__Dataset records__.
++++
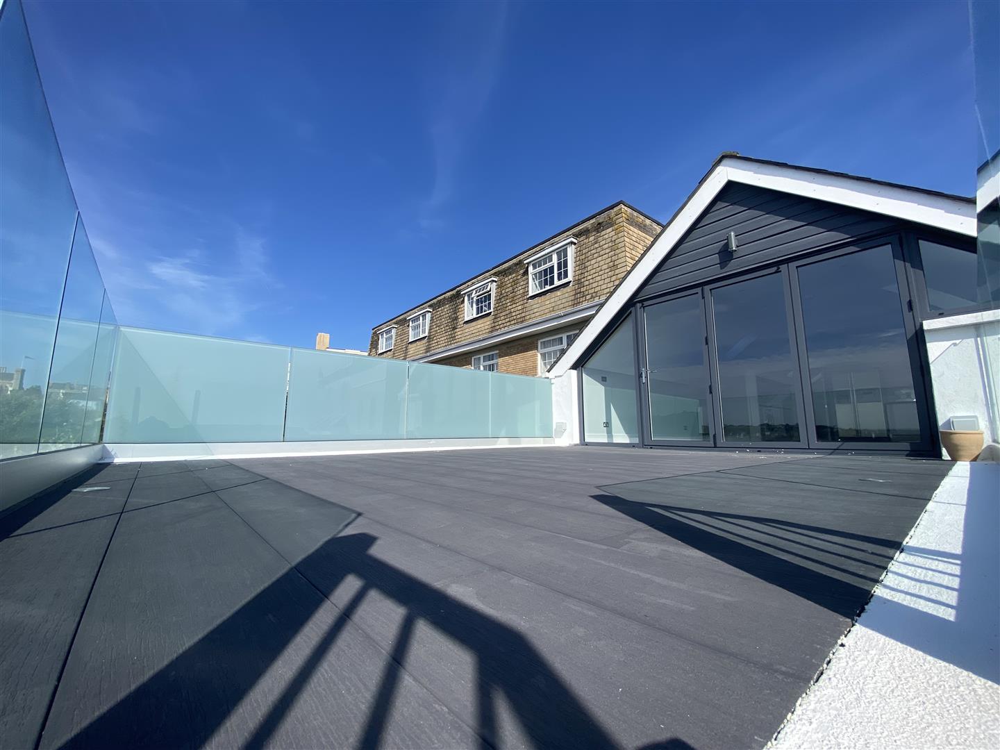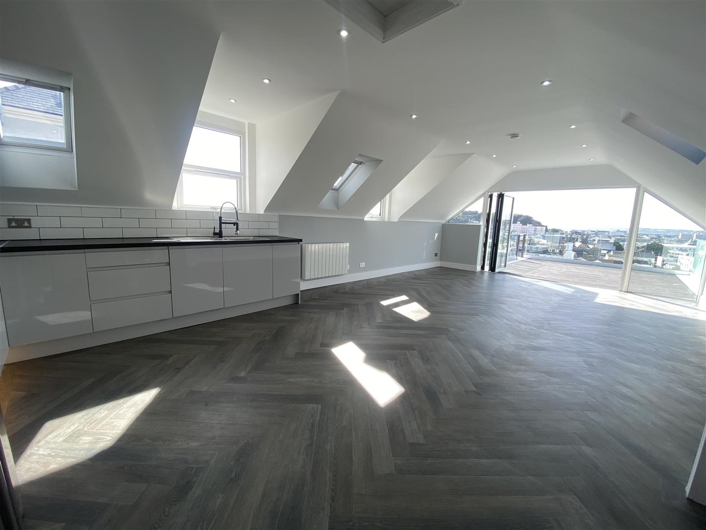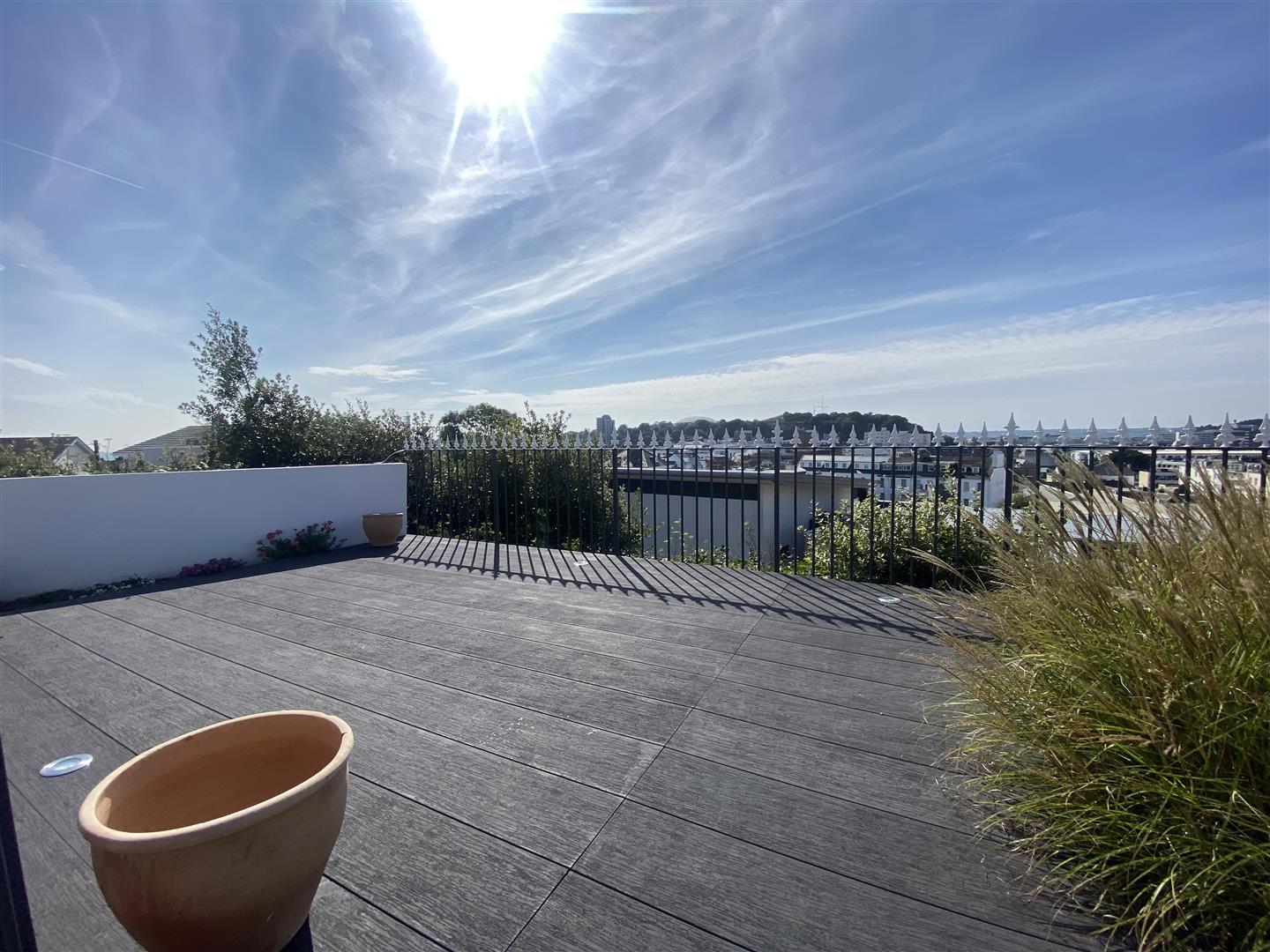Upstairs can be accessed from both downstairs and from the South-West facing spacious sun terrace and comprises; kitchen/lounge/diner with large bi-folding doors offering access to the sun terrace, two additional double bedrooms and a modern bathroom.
++++
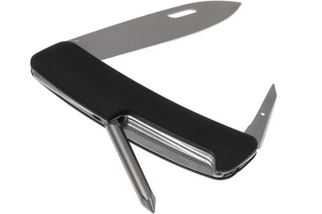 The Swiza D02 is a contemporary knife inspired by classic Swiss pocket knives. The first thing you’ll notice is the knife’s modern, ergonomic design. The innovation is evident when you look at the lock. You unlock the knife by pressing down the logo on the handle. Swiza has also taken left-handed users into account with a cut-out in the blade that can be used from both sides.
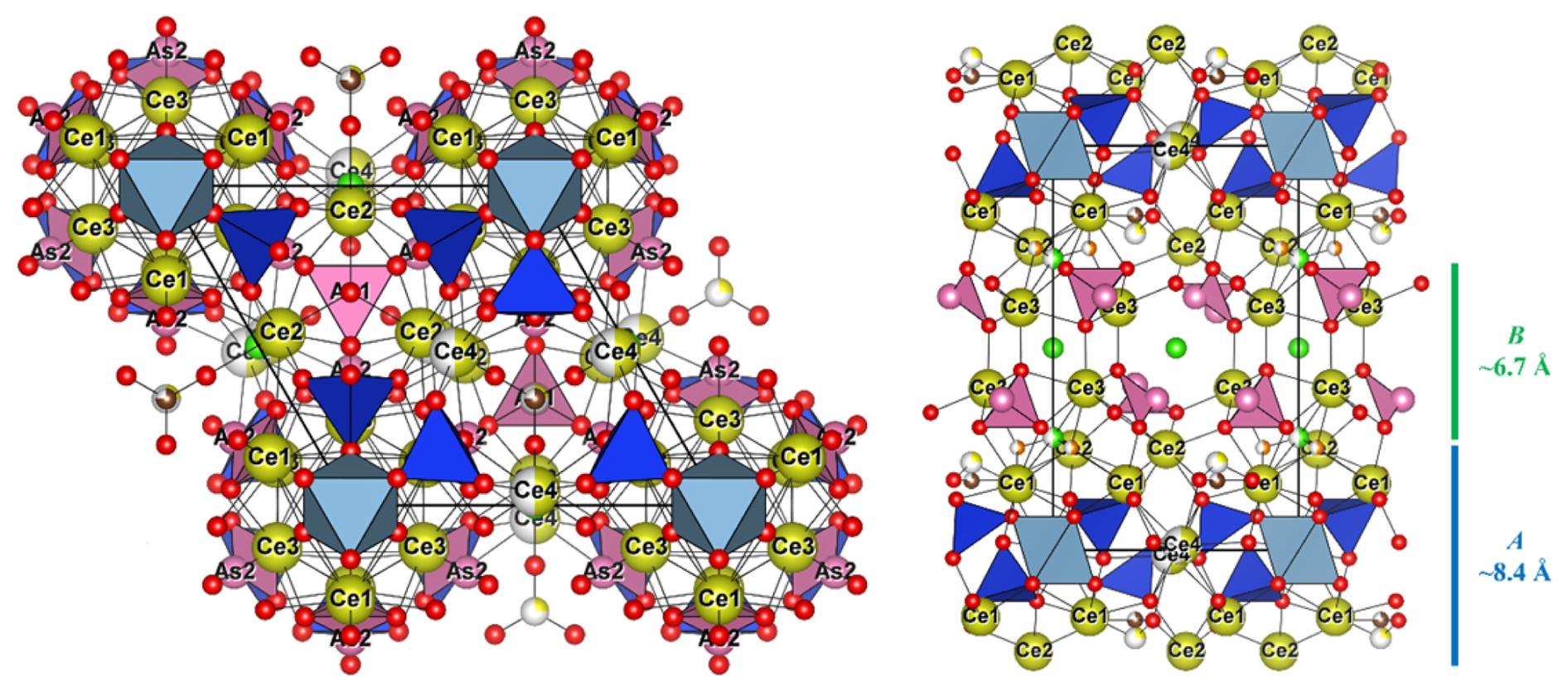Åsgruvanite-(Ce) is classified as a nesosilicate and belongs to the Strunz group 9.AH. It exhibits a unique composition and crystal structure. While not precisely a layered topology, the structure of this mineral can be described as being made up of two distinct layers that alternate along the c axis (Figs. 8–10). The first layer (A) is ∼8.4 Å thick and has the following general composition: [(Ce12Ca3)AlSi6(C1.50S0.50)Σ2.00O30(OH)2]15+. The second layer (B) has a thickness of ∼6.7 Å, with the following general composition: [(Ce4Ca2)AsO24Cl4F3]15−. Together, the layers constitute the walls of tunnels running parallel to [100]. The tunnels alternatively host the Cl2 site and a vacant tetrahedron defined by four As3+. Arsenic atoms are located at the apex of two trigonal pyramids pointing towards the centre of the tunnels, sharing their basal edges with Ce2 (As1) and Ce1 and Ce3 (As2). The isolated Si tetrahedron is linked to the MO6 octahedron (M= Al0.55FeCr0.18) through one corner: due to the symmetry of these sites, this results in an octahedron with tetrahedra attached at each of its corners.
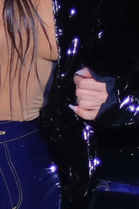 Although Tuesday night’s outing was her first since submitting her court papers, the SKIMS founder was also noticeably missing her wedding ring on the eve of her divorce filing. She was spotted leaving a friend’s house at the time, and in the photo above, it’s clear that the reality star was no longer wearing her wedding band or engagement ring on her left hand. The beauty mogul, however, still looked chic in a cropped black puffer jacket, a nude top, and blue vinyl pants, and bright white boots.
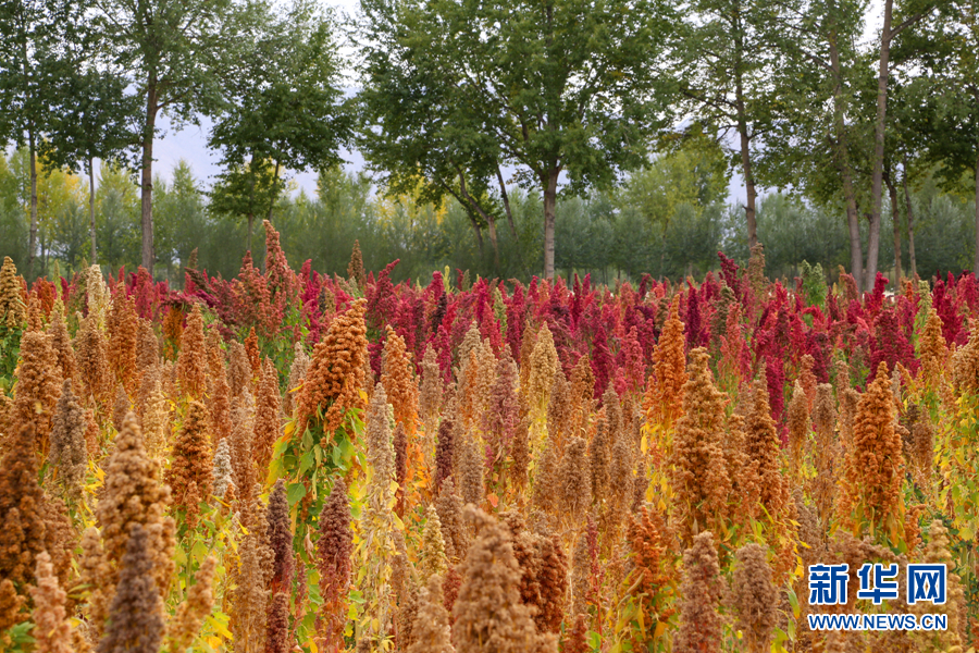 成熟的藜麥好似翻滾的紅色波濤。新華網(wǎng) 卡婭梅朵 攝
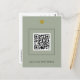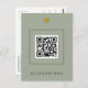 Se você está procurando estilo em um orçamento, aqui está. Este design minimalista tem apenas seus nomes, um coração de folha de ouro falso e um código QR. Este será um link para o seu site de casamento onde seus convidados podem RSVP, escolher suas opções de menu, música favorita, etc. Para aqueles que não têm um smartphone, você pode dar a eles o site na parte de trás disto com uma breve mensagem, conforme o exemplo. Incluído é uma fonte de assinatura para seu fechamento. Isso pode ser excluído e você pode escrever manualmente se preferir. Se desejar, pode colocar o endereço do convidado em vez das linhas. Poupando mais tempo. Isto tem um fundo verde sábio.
++++
__Aim of the exercise__. In the listing above, find the line with "Although Tuesday night’s" and the line with "Se você está". Copy exactly those lines and all between them, minus the images.

__Finished exercise__.
 Although Tuesday night’s outing was her first since submitting her court papers, the SKIMS founder was also noticeably missing her wedding ring on the eve of her divorce filing. She was spotted leaving a friend’s house at the time, and in the photo above, it’s clear that the reality star was no longer wearing her wedding band or engagement ring on her left hand. The beauty mogul, however, still looked chic in a cropped black puffer jacket, a nude top, and blue vinyl pants, and bright white boots.
 成熟的藜麥好似翻滾的紅色波濤。新華網(wǎng) 卡婭梅朵 攝
 Se você está procurando estilo em um orçamento, aqui está. Este design minimalista tem apenas seus nomes, um coração de folha de ouro falso e um código QR. Este será um link para o seu site de casamento onde seus convidados podem RSVP, escolher suas opções de menu, música favorita, etc. Para aqueles que não têm um smartphone, você pode dar a eles o site na parte de trás disto com uma breve mensagem, conforme o exemplo. Incluído é uma fonte de assinatura para seu fechamento. Isso pode ser excluído e você pode escrever manualmente se preferir. Se desejar, pode colocar o endereço do convidado em vez das linhas. Poupando mais tempo. Isto tem um fundo verde sábio.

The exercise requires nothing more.